# Help with Bolivian ram: purchase, mate selection, space reqs



## oakleyhoma (Aug 8, 2009)

Hi all, new here and my first post. Two things: first the background and then questions.

Background: I'm beginner/intermediate? Kept fish as a teen, got back in a year or so ago. Have had some success and some failures, have learned some. I've got a 30g long w/ Rena xp3 (seems to work well). The 30g is mature but with only 3 zebra danios after my disaster with previous tetra/cory setup (Lesson: don't buy stock from chain stores and quarantine anything/everything first!). It's low-light (2 wpg, anubias, java ferns, some sunset hygro/stem plants as nitrate sponge). Eco-complete substrate. 
My water (well water): from tap it's about pH 7.2-7.4, no nitrates, trace of P, carbonate hardness about 6, GH about 6. Think this is within a good range for bolivians. I also have a basically empty/sparse 20g and a 10g quarantine tank at my disposal.

My Goal: get the 30g set up anew, pick fish I like, that fit my tank, and that work well with my native tap water. Never have kept a cichlid, but am locked in on Bolivians (they pair, so don't need a harem; they should work with my unmodified water, they're small, seem to be interesting, hardy/less fussy than e.g., blue ram), etc. Looked at other new world cichlids, e.g., cockatoo, etc. but want to go Bolivians. Realize I could try a "crowded" tank of African cichlids, not now. I hope to set up this ram/community fish 30g tank soon.

My desired fauna for the 30: a mated pair of bolivian rams, a bristlenose pleco, a school of some tetras (or rainbowfish?) of body correct body size/shape so as not to "bother" the rams. Not much more than that - maybe an oto or two? Or maybe a swordtail pair (my parameters would seem to work well enough for livebearers, though I plan to set up my 20g tank later with liverbearers). Anyay, I want basically a peaceful community tank, not overcrowded, with some different/interesting fish movements, fish that work with my native, unmodified water, and not overcrowded.

My Qs:

1. What order, bolivans in first and other inhabitants later or vice versa, or does not matter?
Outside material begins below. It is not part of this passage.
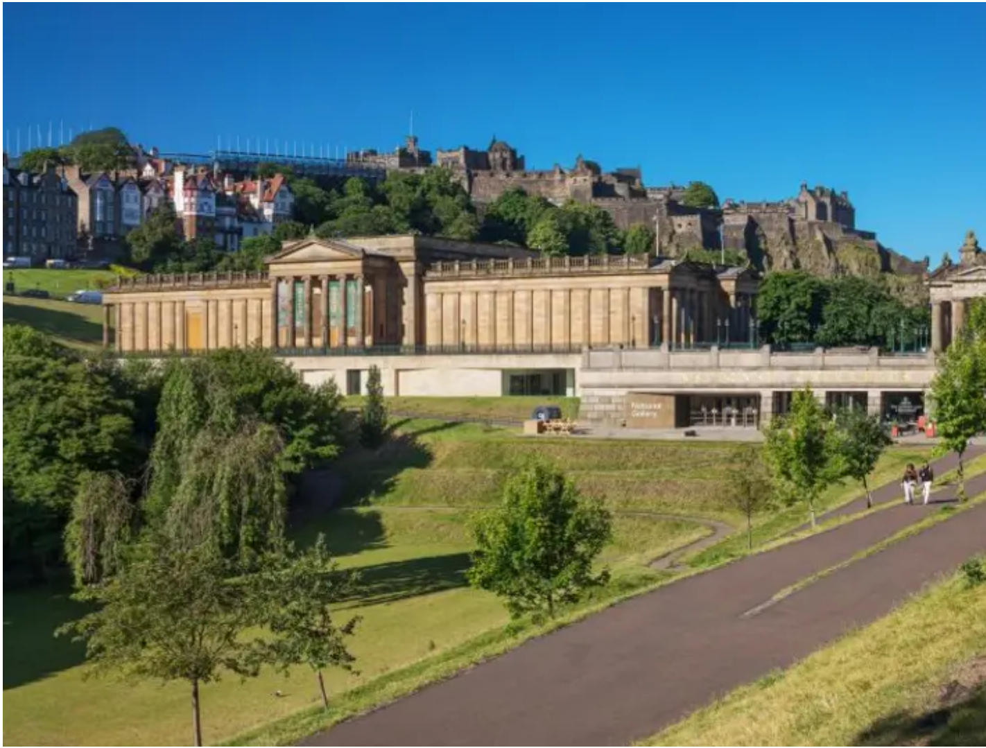
The National in Edinburgh, as seen from Princes Street Gardens.

The project was completed in late summer 2023. It reintroduced visitors to the historic Scottish art collection, which had languished for years in dark, outmoded galleries with poor access.

A dwarf BN pleco would share same bottom space as the rams...

2. Getting rams: I don't have local resources (one or two decent LFS within an hour of here, but no bolivians coming anttime soon-they acquire locally, and not often). So, not wanting to wait 3 months? half year? or longer... wondering about online purchase. I suppose I want farm or owner bred, from the U.S., (i.e., not from southeast asia). I'm looking over aquabid (one shop has some at 1.5 inch), big online retailers (foster smith, etc.), and others (e.g., farms that sell retail in places like Florida, e.g., cichlidstation.com. I'm aware of some of the really quality suppliers such as Jeff Rapps/Tangled up in cichlids and others - but no availability at present. I'd get them shipped overnight.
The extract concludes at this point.